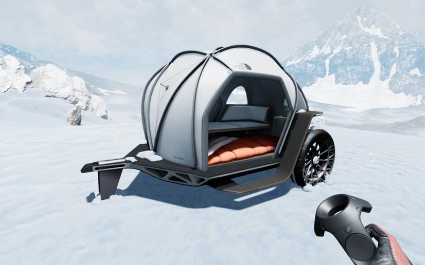 FUTURELIGHT karavan, kubbeli bir gözyaşı karavan görünümünde ve çekme karavan olarak tasarlanmış.The North Face, spor giyimin yanı sıra açık hava sporları için donanım malzemeleri satıyor ve karavan da ilk olarak onun ürünü olarak piyasaya sürülecek.
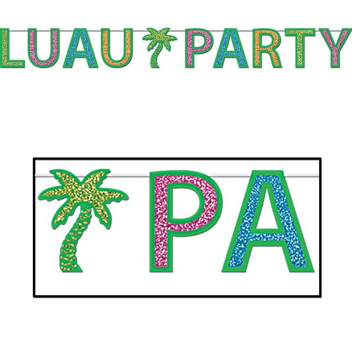 Plus d'infos : Cette guirlande est composée de jolies lettres étincelantes qui forment les mots "Luau Party". Elle mesure env. 2,4 mètres de long et chaque lettre a une largeur d'environ 22 cm. Vous pourrez fixer la guirlande avec du scotch ou des punaises.
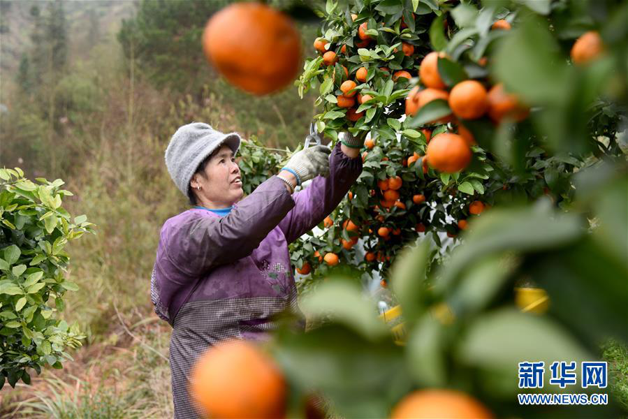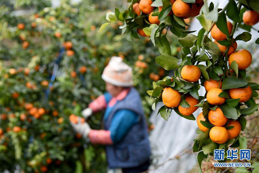 3月2日,在贵州榕江县忠诚镇王岭村砂糖橘种植基地,果农在采摘砂糖橘。
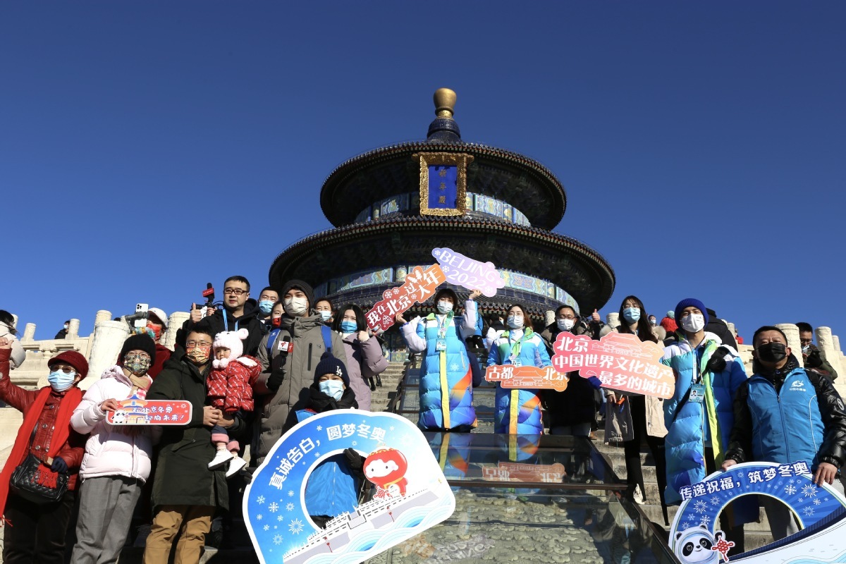 2月1日,北京冬奥城市志愿者、天坛公园志愿者、媒体记者和游客在天坛公园祈年殿前合影,为冬奥加油祈福。 中国日报记者 武晓慧 摄
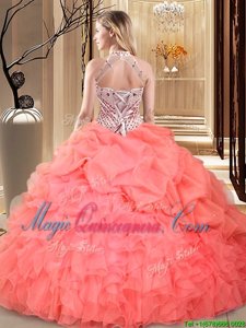 Simple Halter Top Pick Ups Floor Length Ball Gowns Sleeveless Yellow 15th Birthday Dress Lace Up
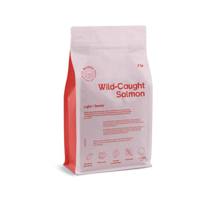 Buddy kuivtoit koertele metsikult püütud lõhega. Täissööt madala aktiivsusega koertele, nagu vanemad ja vähem aktiivsed koerad.
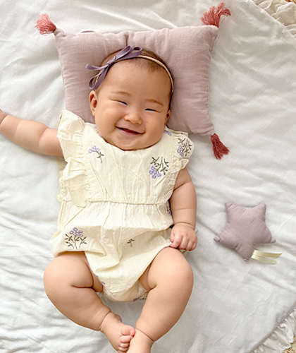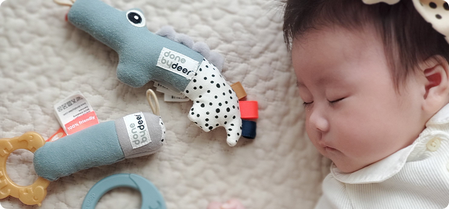 お昼寝でも大活躍してるよ♡音がする方を見て嬉しそうに笑うのかわいい〜
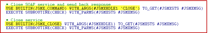 2. 次のステップは、ファンクション内のロジックの記述です。ます最初に、JSM サーバーへの接続を作成し、その後、SOAP サーバー・サービスをロードします。これは、JSMX_OPEN 組み込み関数と SERVICE_LOAD サービス・コマンドを使用して行います。
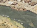 aerial views cargo vessels channels (water bodies) docks (general waterside structures) ports (settlements) ships warehouses wharves
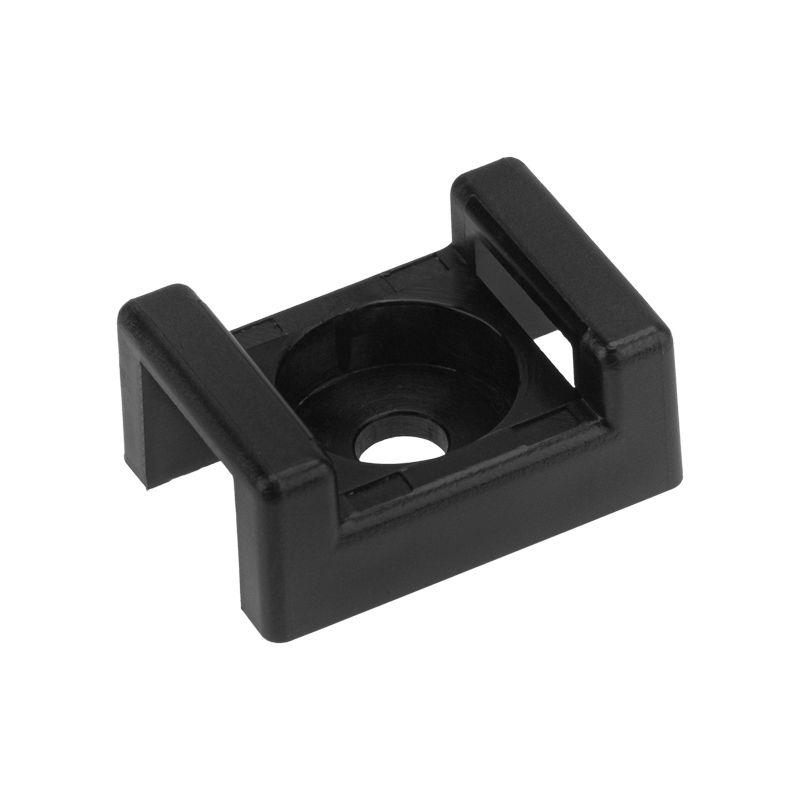 Площадка 22x16 мм для крепления стяжки используется при выполнении электромонтажных работ. Выполнена из черного пластика и оснащена специальным отверстием под хомут. С помощью площадки и одного винта или самореза можно прикрепить к любой поверхности пучки проводов, стянутые хомутом. Это позволяет пользователю произвести как временную, так и постоянную организацию кабельной проводки. Может также использоваться для крепления других легких предметов.
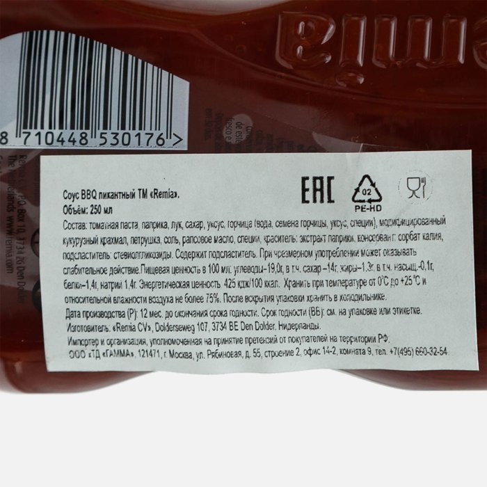 Соус Ремиа Патисаус BBQ пикантный 250мл

• • • • •

All of the material above is to be copied exactly, with no pictures.

 FUTURELIGHT karavan, kubbeli bir gözyaşı karavan görünümünde ve çekme karavan olarak tasarlanmış.The North Face, spor giyimin yanı sıra açık hava sporları için donanım malzemeleri satıyor ve karavan da ilk olarak onun ürünü olarak piyasaya sürülecek.
 Plus d'infos : Cette guirlande est composée de jolies lettres étincelantes qui forment les mots "Luau Party". Elle mesure env. 2,4 mètres de long et chaque lettre a une largeur d'environ 22 cm. Vous pourrez fixer la guirlande avec du scotch ou des punaises.
 3月2日,在贵州榕江县忠诚镇王岭村砂糖橘种植基地,果农在采摘砂糖橘。
 2月1日,北京冬奥城市志愿者、天坛公园志愿者、媒体记者和游客在天坛公园祈年殿前合影,为冬奥加油祈福。 中国日报记者 武晓慧 摄
 Simple Halter Top Pick Ups Floor Length Ball Gowns Sleeveless Yellow 15th Birthday Dress Lace Up
 Buddy kuivtoit koertele metsikult püütud lõhega. Täissööt madala aktiivsusega koertele, nagu vanemad ja vähem aktiivsed koerad.
 お昼寝でも大活躍してるよ♡音がする方を見て嬉しそうに笑うのかわいい〜
 2. 次のステップは、ファンクション内のロジックの記述です。ます最初に、JSM サーバーへの接続を作成し、その後、SOAP サーバー・サービスをロードします。これは、JSMX_OPEN 組み込み関数と SERVICE_LOAD サービス・コマンドを使用して行います。
 aerial views cargo vessels channels (water bodies) docks (general waterside structures) ports (settlements) ships warehouses wharves
 Площадка 22x16 мм для крепления стяжки используется при выполнении электромонтажных работ. Выполнена из черного пластика и оснащена специальным отверстием под хомут. С помощью площадки и одного винта или самореза можно прикрепить к любой поверхности пучки проводов, стянутые хомутом. Это позволяет пользователю произвести как временную, так и постоянную организацию кабельной проводки. Может также использоваться для крепления других легких предметов.
 Соус Ремиа Патисаус BBQ пикантный 250мл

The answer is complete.